In his research, however, separating healthy enthusiasm from harmful addiction has proved rather difficult. “My bottom line is that healthy enthusiasms add to life and addictions take away from it.”

Even authorities in New Zealand schools can see the positive. Simon Leese, headmaster at Christ’s College, Christchurch, says that good computer games compare favourably with TV.

Boys with an unhealthy addiction to computer games would probably have found similarly antisocial outlets in another generation, he says. “Many of us had stamp collections, but a few were never happy unless reordering their commemoratives for hours on end.”

Leese says that mum and dad shouldn’t throw up their hands when faced with game consoles and controllers. “How many parents consider sitting down with their sons and playing alongside them? Would it be so much different from a game of chess on the coffee table?”
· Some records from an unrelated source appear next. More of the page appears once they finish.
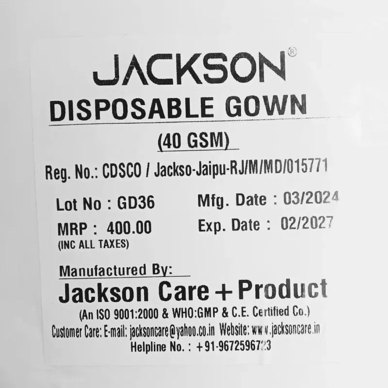 Jackson Disposable Gown (40 GSM) is a surgeon gown used to protect both the surgical team and the patient by preventing the transfer of infective agents during medical procedures.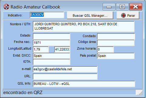 - Si desea ver si hay un QSL mánager pulse el botón Buscar QSL Mánager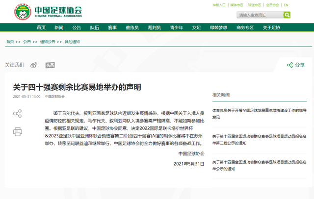 中國足協:國足40強賽剩余比賽移至迪拜舉行 ... [更多詳細]
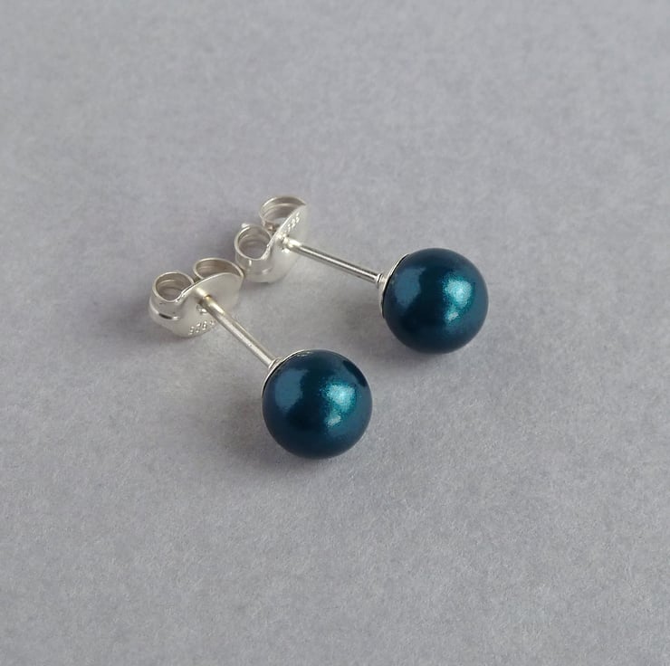 6mm Teal Pearl Stud Earrings - Small Round Petrol Blue Glass Pearl Studs - Gifts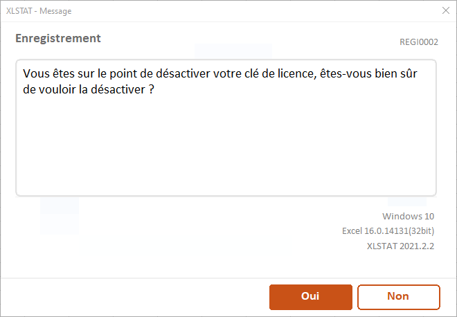 Confirmez que vous souhaitez bien désactiver votre licence.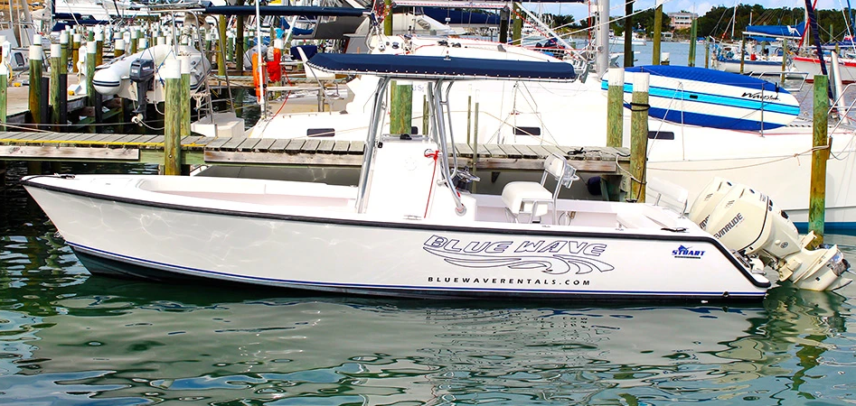 Motorový člun Stuart 27 - Stuart 2 vyroben v roce 2023 je vhodný pro 10 lidí. Je zakotven v Harbour view marina, Bahamy.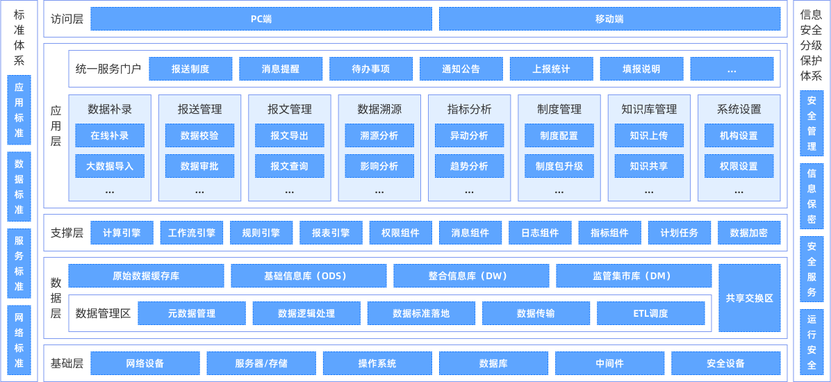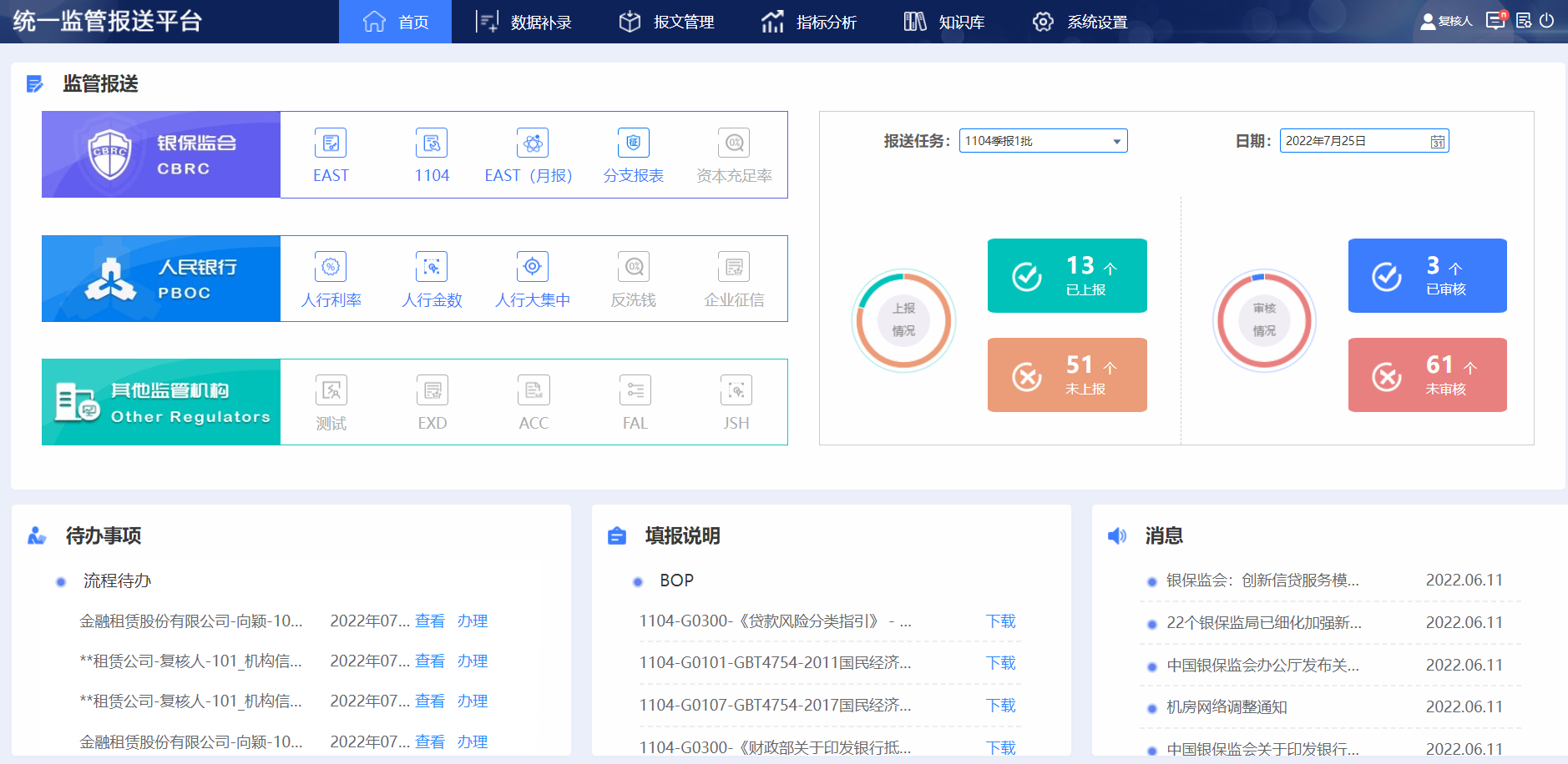 提供從數據補錄、報表初始化、在線填報、自動校驗、流程審核、數據匯總、報文生成、在線蓋章、報文導出、接口直連上報等全流程功能。

Alexander Donohue, an uncommonly articulate 17-year-old at Auckland’s Howick College, goes further than Leese’s comparison with chess: he is a believer in games as a new art form. He spends, he says, at least an hour a day playing video games, “but if I have a really good game, I can do a stretch up to seven hours”.

Is his mother, Vicky Donohue, concerned? “Not in the slightest. He’s a happy, articulate, well-balanced child.” She encouraged his electronic habit by buying an Apple IIe when Alexander was “about two. He wasn’t typing letters – he didn’t know the alphabet – but he used to bang the keys. We’ve always had a computer, and I’ve always let him play it.”